The economic governance index measures how responsive a local government unit is in providing economic opportunities for a constituency to grow and develop economically; political governance index relates to how an LGU effectively empowers a citizen to have a say in the governance of his community; lastly, administrative governance is how an LGU delivers basic public services such as health, education, and peace and order.
In the NSCB’s GGI ranking in both 2005 and 2008, Maguindanao placed last among all the 79 provinces then in existence in the country, meaning it performed the worst as far as good governance indicators are concerned. For example, poverty incidence registered at 48.50 percent in 2005, going slightly down to 47.62 percent in 2008, and then 44.6 percent in 2009. This means almost half of the Maguindanaoan population lives below the poverty line, roughly double the national poverty incidence that played between 25-26.5 percent from 2003 to 2009.

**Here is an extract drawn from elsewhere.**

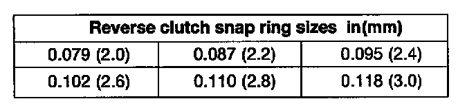 Reverse clutch clearance: 0.035 - 0.047 inch (0.9 - 1.2 mm)

The per capita purchasing power of Maguindanaoans also paled in comparison to the rest of the country. Real per capita income in Benguet is the highest at P 80,000, followed by Batanes at P78,300. Maguindanaoans had only a fourth of the purchasing power of people from Benguet, with an annual per capital income of P 23,700. The NSCB says the purchasing power of the top five provinces in the country is almost three times more than the per capita purchasing power of the bottom five provinces, Maguindanao being one of them.
For the administrative governance index, Maguindanao does not fare any better. There were only 59 health personnel on average serving every 1,000 residents in 2005, going down to 38 health personnel per 1,000 Maguindanaoans in 2008. Phone density, or the number of telephones per 1,000 residents, was 9.24 phones in 2005, going up to only 27.98 phones in 2008
Another measure used by government in assessing social development in an area is the human development index or HDI. Unfortunately for Maguindanaoans, they fare no better with this other measurement.
Short life span
According to the 2009 provincial human development index released by the NSCB last year, Maguindanaoans have a life expectancy that was third shortest for all the provinces in the Philippines. Maguindanaoans have a life expectancy of only 58.5 years, just slightly better than Sulu with 56.8 years and Tawi-Tawi with 53.6 years. That means Maguindanaoans on the average die 10 years earlier than the average Filipino, whose life expectancy is 68.7 years. Filipinos from La Union have the longest life expectancy of 76.4 years, or 18 years longer than Maguindanaoans.
Also, adult Maguindanaoans are lucky to have an average of 6.3 years of schooling, the fourth lowest in the country, and three years less than the national average of 8.9 years. This is in contrast to people from Batanes who have 11.5 years of schooling on the average.
Surprisingly, it is in the political governance index where Maguindanao appears to have had some positive indicators, although for reasons that may have little to do with good governance. The crime solution efficiency rate, or the percentage of reported crimes that were solved by the local police, was tagged at 85.27 percent. It is a surprising figure for a province known for violence and the proliferation of firearms, until one realizes that most crimes go unreported in the province.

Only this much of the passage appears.